The successful Swinburne applicants are:
Paul Hernandez Martinez, Therese Keane | Digital storytelling to communicate the relevance of mathematics |
Kate Bissett-Johnson | Let me tell you a story; something more than a technical narrative, the 2-minute movie |
Bita Zaferanloo | Empowering science students’ communication skills with economic impact |
Denby Weller, Peter Marcato | Swinburne Journalism’s Digital Bootcamp |
Peter Holland, Julian Vieceli | Improving digital literacy in a workplace simulator project |
Ryan Jopp | Sparking creativity in second year business students. |
Peter Marcato | Media content creation – online teaching innovation |
Thomas Luke, Elliot Henkel | ProtoSOURCE- An integration of physical, analogue and digital prototyping in the remote learning environment |
Glenda Ballantyne | Making a Difference: Embedding digital literacy in the Bachelor of Arts core capstone unit, Grand Challenges. |
Sylvia Mackie | Developing rhetorical and ethical awareness for dynamic data visualisation – self-paced online training for higher degree by research students in the Faculty of Science, Engineering and Technology. |
Recipients have been awarded $2000 for individuals and $5000 for cross-unit teams.
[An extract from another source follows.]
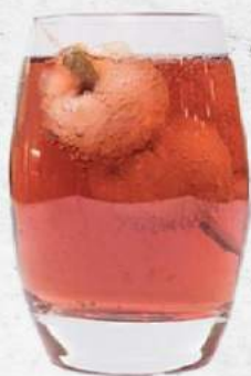
ライチベリー焼酎 Lychee Berries Shochu

Not valid for diners below 18 years old.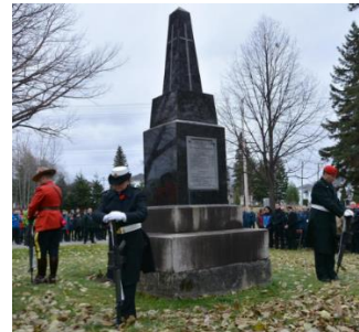
La Nouvelle de la 276

They are required to attend workshops and training to support the communication of their findings in new formats.
They will also be able to share their projects in sessions facilitated by Senior Strategic Development Manager for Higher Education at Adobe, Todd Taylor and guests from other Adobe partner institutions across the world.
Swinburne’s Learning Transformations Unit will support innovation through these grants, the products of which will create opportunities for all students.